We'll use the below hello world HTTPS web server written in Golang to test the server certificate issued by the BastionXP CA.

package main
import (
    "net/http"
    "log"
)
var (
	CertFilePath = "/home/bob/.bsh/tls_server.crt"
	KeyFilePath  = "/home/bob/.bsh/tls_server.key"
)
func helloHandler(w http.ResponseWriter, req *http.Request) {
    w.Write([]byte("Hello, world!\n"))
}
func main() {
    http.HandleFunc("/hello", helloHandler)
    err := http.ListenAndServeTLS(":8443", CertFilePath, KeyFilePath, nil)
    if err != nil {
        log.Fatal(err)
    }
}

Execute the above Go program using the following command:

go run https_server.go &

Now, try connecting to the above HTTPS server using the following command:

curl https://localhost:8443/hello

You'll see the following error when you run the above command.

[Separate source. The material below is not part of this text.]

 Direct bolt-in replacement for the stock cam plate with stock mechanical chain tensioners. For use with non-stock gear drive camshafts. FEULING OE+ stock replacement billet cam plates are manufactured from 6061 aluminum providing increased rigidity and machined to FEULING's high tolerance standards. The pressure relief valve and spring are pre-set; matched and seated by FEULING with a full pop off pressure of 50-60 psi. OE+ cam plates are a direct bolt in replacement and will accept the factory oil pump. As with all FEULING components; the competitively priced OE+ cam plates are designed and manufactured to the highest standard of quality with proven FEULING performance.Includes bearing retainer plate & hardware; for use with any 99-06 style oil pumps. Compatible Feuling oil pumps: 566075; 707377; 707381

curl: (60) SSL certificate problem: unable to get local issuer certificate
More details here: https://curl.se/docs/sslcerts.html

curl failed to verify the legitimacy of the server and therefore could not
establish a secure connection to it. To learn more about this situation and
how to fix it, please visit the web page mentioned above.

This is because the curl command line utility is not aware of the BastionXP Root CA and therefore doesn't trust the server certificate issued by the CA.

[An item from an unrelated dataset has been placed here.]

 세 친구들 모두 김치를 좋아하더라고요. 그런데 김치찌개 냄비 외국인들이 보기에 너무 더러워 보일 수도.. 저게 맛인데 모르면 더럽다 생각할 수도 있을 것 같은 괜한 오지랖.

To make the curl utility trust the BastionXP CA and the certificates issued by it, use the --cacert flag in the curl command and provide the CA's root certificate as shown below:

$ curl --cacert ~/.bsh/tls_root_ca.crt https://localhost:8443/hello

Hello, world!

Congratulations! You have successfully set up a private CA, generated a server certificate and used it for a HTTPS web service.